It has not yet been demonstrated whether the modulation of pleasurable touch, like pain, involves descending modulation of cutaneous afferents in the spinal cord, perhaps via the RVM. Nevertheless, these findings suggest that, like negative hedonic feelings such as pain, psychological modulation of pleasant sensations may involve a more comprehensive modulation of the underlying sensory processing, and not only within higher-level valuation circuitry. One caveat, which is shared with research on other sensory modalities, is that although thinking in terms of one ascending “sensory” system and one descending “modulatory” system is useful, e.g., for forming testable research questions, it may be too simplistic. It has been suggested that, instead of functioning as separate systems where one can influence the other, it may be more accurate to consider this as one recurring sensory processing system with several integrative components, such as feed-forward signaling, feedback loops, influences from the “early” sensory processing of other modalities, and influences from more abstract cognitive and affective information (Kinchla and Wolfe, 1979; Finkel and Edelman, 1989; Ullman, 1995; Siegel et al., 2000; O’Reilly et al., 2013).

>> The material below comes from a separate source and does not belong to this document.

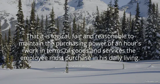 Wilson, Charles E. "That it is logical, fair and reasonable to maintain the purchasing power of an hour's work in terms of goods and services the employee must purchase in his daily living." FixQuotes. January 15, 2026. https://fixquotes.com/quotes/that-it-is-logical-fair-and-reasonable-to-142097/.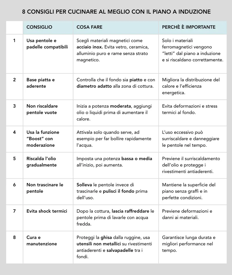 Cucinare con l’induzione è una scelta moderna, efficiente e sicura: basta qualche accorgimento per ottenere il massimo da ogni ricetta e preservare la qualità delle tue pentole nel tempo.

Neurochemical Basis of the Motivation for Affiliative Touch

In affiliative interactions such as rough-and-tumble play, where touch has stimulatory or arousing behavioral or physiological effects (Feldman et al., 2010a; Gordon et al., 2010), the touch behaviors involved are typically different from interactions where the intent is soothing, consolidation or relaxation (Holt-Lunstad et al., 2008). These touch activities are likely driven by different motivational modes, depending on the individual’s underlying needs. There is evidence that primates and rodents frequently engage in soothing and soft touch activities, like social grooming and huddling, but rarely in rough-and-tumble play, when they are distressed or in homeostatic imbalance (For review, see Løseth et al., 2014). However, while stimulatory and soothing touch may generally be differentiated by their stimulus characteristics, the actual arousing or relaxing effects of a given kind of touch depends on the appraised meaning (Ellingsen, 2015). For example, although a gentle caress can be soothing in one context, it can be sexually arousing in a different context. Furthermore, a caress can arouse negative affect and withdrawal if coming from an unwanted person (Major, 1981).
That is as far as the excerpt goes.